They might be using a DNS which can block vpns. You will have to change the DNS address in the office router to get the proxy working till then you will not be able to operate a VPN. For example DNS like open DNS ( 208.67.222.123) will block all proxy/VPN address. Just change your home router DNS to the above given DNS and try to use/install a VPN. You will not get connected. So its a waste of time to get a VPN working in your college computer. Or try to find
 a way to change DNS address in office router...to something like 8.8.8.8


----------



## rakesh-the gilli (Apr 18, 2014)

sakthibruce said:


> Try buckler.com



I tried but the page had only a blue background with the title in centre of the page along with the text "front page". Are you sure this is the page

- - - Updated - - -



josin said:


> They might be using a DNS which can block vpns. You will have to change the DNS address in the office router to get the proxy working till then you will not be able to operate a VPN.
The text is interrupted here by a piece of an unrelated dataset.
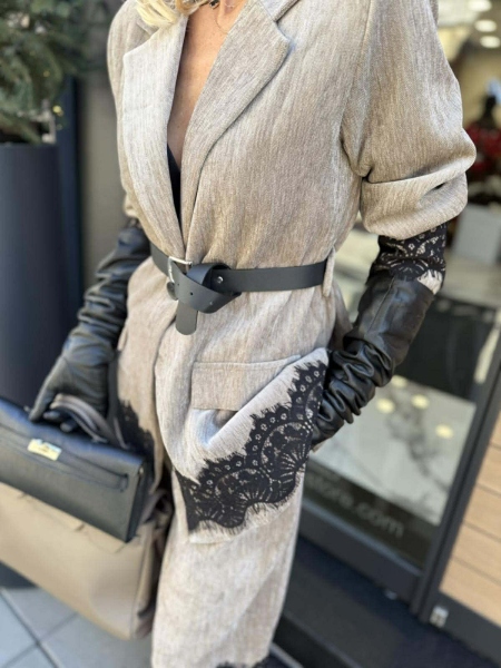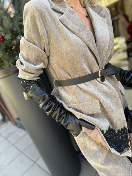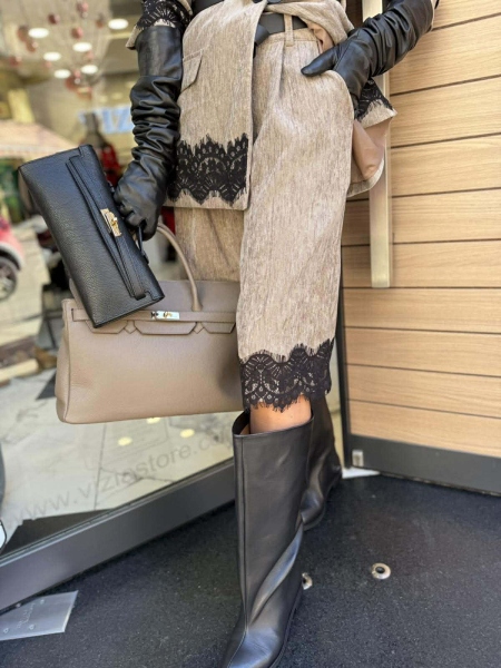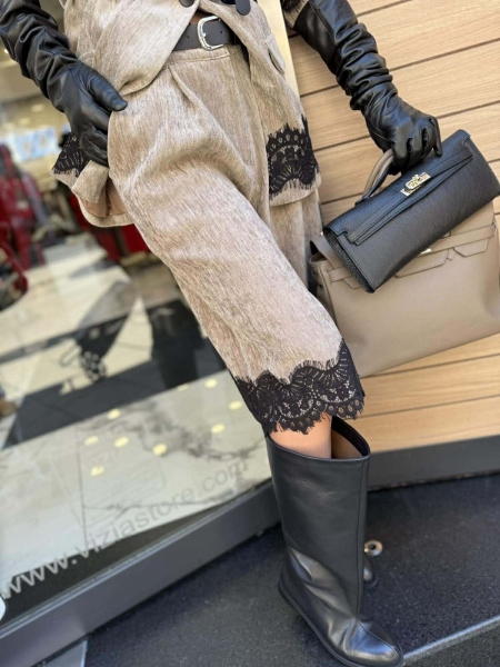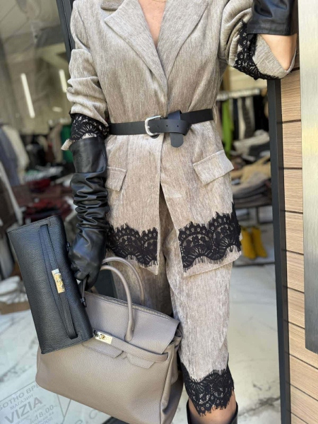 Комплект сако и панталон в бежов цвят с декорация от черна дантела. Сакото е със свободна кройка, ревери и закопчаване с копче. Панталонът е с ластик на талията, дължина около коляното и аксесоар коланче.

Is there a way i can confirm whether they use DNS servers that block VPN's.? 



josin said:


> For example DNS like open VPN ( 208.67.222.123)


You meant OpenDNS right.?



josin said:


> try to find a way to change DNS address in office router to something like 8.8.8.8


How can i change the DNS address of the router installed in office. You meant the one connected with the server if i am not wrong. The system admin's workplace.! LOL ! Are our office sys admins that friendly, that they may allow an employee to just walk in to their system and allow the employee to tinker the router settings. Or did you explain it in another way and i misinterpreted. Kindly clarify me

- - - Updated - - -



anirbandd said:


> i see.. i face the same problem in my office too.. but here they use proxy servers.


Wow. Don't they block proxy servers.? You must be lucky


----------



## josin (Apr 18, 2014)

You can forget about messing with your office router unless you are the brother of sys admin. Well i cant say what they are using  to block those sites, but modern routers have child locks (firewall) in which they can specify the sites they want to allow and block all other which are not specified. So if the router is of limits to you just forget about VPN thing.


----------



## rakesh-the gilli (Apr 18, 2014)

Yeah i knew i can't get my hands on the router. So any other ideas.


----------



## sakthibruce (Apr 19, 2014)

> I tried but the page had only a blue background with the title in centre of the page along with the text "front page". Are you sure this is the page



Woops my bad here you go *www.bucklor.com

Sorry


----------



## pkkumarcool (Apr 19, 2014)

try pd proxy its the best


----------



## rakesh-the gilli (Apr 23, 2014)

sakthibruce said:


> Woops my bad here you go *www.bucklor.comSorry



Hi mate. Sorry for the long delay. It worked. Thanks. Bucklor client works. You don't know how much happy i am now. Aah, now i can have my sip of morning tea at office with all my favourite sites loaded up. 

+1 to Bucklor

- - - Updated - - -



pkkumarcool said:


> try pd proxy its the best



Thanks for your reply. I didn't try it out as [MENTION=278823]sakthibruce[/MENTION]'s solution worked for me


----------



## sakthibruce (Apr 28, 2014)

> Hi mate. Sorry for the long delay. It worked. Thanks. Bucklor client works. You don't know how much happy i am now. Aah, now i can have my sip of morning tea at office with all my favourite sites loaded up.
> 
> +1 to Bucklor



Glad it helps


----------



## Ironman (May 3, 2014)

rakesh-the gilli said:


> Hi Ironman. Coudn't download Cyberghost normally as our firewall blocked their website saying this it comes under proxy avoidance category. So i searched for working proxies, used one and downloaded Cyberghost. Installed and started it but it couldn't connect to its servers displaying a message saying- *"Could not establish a secure connection to the Cyberghost 5 network. Maybe cyberghost is blocked in your country or by your ISP"*. Searched their website for help. Under a post, they have mentioned they can try connecting to Cyberghost servers through UDP connection on port 9081 but i didn't know how to do that and here i am reporting it.



I have to ask is the fire wall similar to a ironport ?


----------